[MERGE][bzr-email] Implement mail sending using smtplib

Fri Jan 26 14:24:51 GMT 2007

On Thu, Jan 25, 2007 at 05:38:15PM -0600, John Arbash Meinel wrote:
> Then I implemented an SMTPConnection class, which has a little bit of
> knowledge about what configuration parameters bzrlib should use to
> define an SMTP connection (smtp_server, smtp_username, smtp_password).
> 
> That part was easy. The tricky part was to make everything support
> Unicode. And support it in a way that wouldn't confuse my SMTP server,
> and would look nice in Thunderbird.

Ah, yes.  Been there, done that
(http://mg.pov.lt/blog/unicode-emails-in-python.html).
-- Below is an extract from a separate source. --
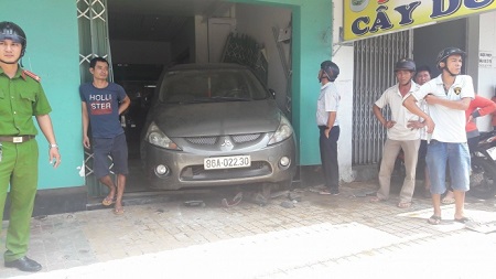 Riêng ô tô chưa dừng lại ở đó tiếp tục lùi nhanh và tông sập cửa sắt, chui lọt vào căn nhà số 413 ở lề đối diện, đến khi đụng vách tường mới dừng.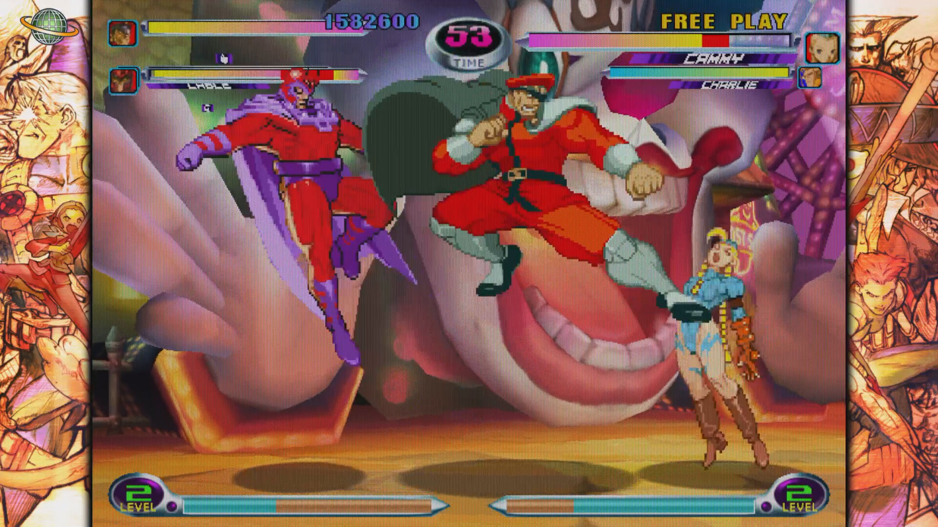 X-Men vs. Street Fighter (1996) fue el juego que comenzó a enfrentar plantillas de Marvel –en este caso limitada a los X-Men- y Capcom –sólo Street Fighter-. De nuevo se inspiró en el gameplay de Street Fighter y la movilidad de anteriores títulos -X-Men: Children of the Atom y Marvel Super Heroes- pero con la opción de seleccionar dos personajes intercambiables. Un modo tag que permitía formar parejas entre tus favoritos de los dos universos: Sabretooth y Nash, Rogue y Chun-Li, Magneto y Bison… Para equilibrar la balanza entre las habilidades de unos y otros, los luchadores de Street Fighter incrementaron la espectacularidad de sus poderes clásicos.

> # Bazaar revision bundle v0.8
> #
> # message:
> #   Update the README
> # committer: John Arbash Meinel <john at arbash-meinel.com>
> # date: Thu 2007-01-25 17:04:53.723999977 -0600
> 
> === added file emailer.py // file-id:emailer.py-20070123220937-ec5y2n2oeoa0p4ue
> ... -1 // last-changed:john at arbash-meinel.com-20070125220812-yceplg1ck4qt85la
> --- /dev/null
> +++ emailer.py
...
> +class EmailSender(object):
...
> +    def body(self):
...
> +        # We must use StringIO.StringIO because we want a Unicode string
> +        from StringIO import StringIO
> +        outf = StringIO()
...
> +
> +    def get_diff(self):
...
> +
> +        # We want a cStringIO because we want an 8-bit string

StringIO.StringIO can handle both 8-bit strings and Unicode strings.
(It cannot handle mixed content, though).  Perhaps rephrase the comment
to

           # We can use cStringIO because we have an 8-bit string

?

Or is there some type-based dispatching in bzrlib that chooses Unicode
versus 8-bit from the file object?

> +        from cStringIO import StringIO
> +        diff_content = StringIO()
> +        show_diff_trees(tree_old, tree_new, diff_content)
> +        lines = diff_content.getvalue().split("\n")
> +        numlines = len(lines)

It would be more efficient to do

           numlines = diff_content.getvalue().count("\n") + 1

since you don't use ``lines`` for anything else.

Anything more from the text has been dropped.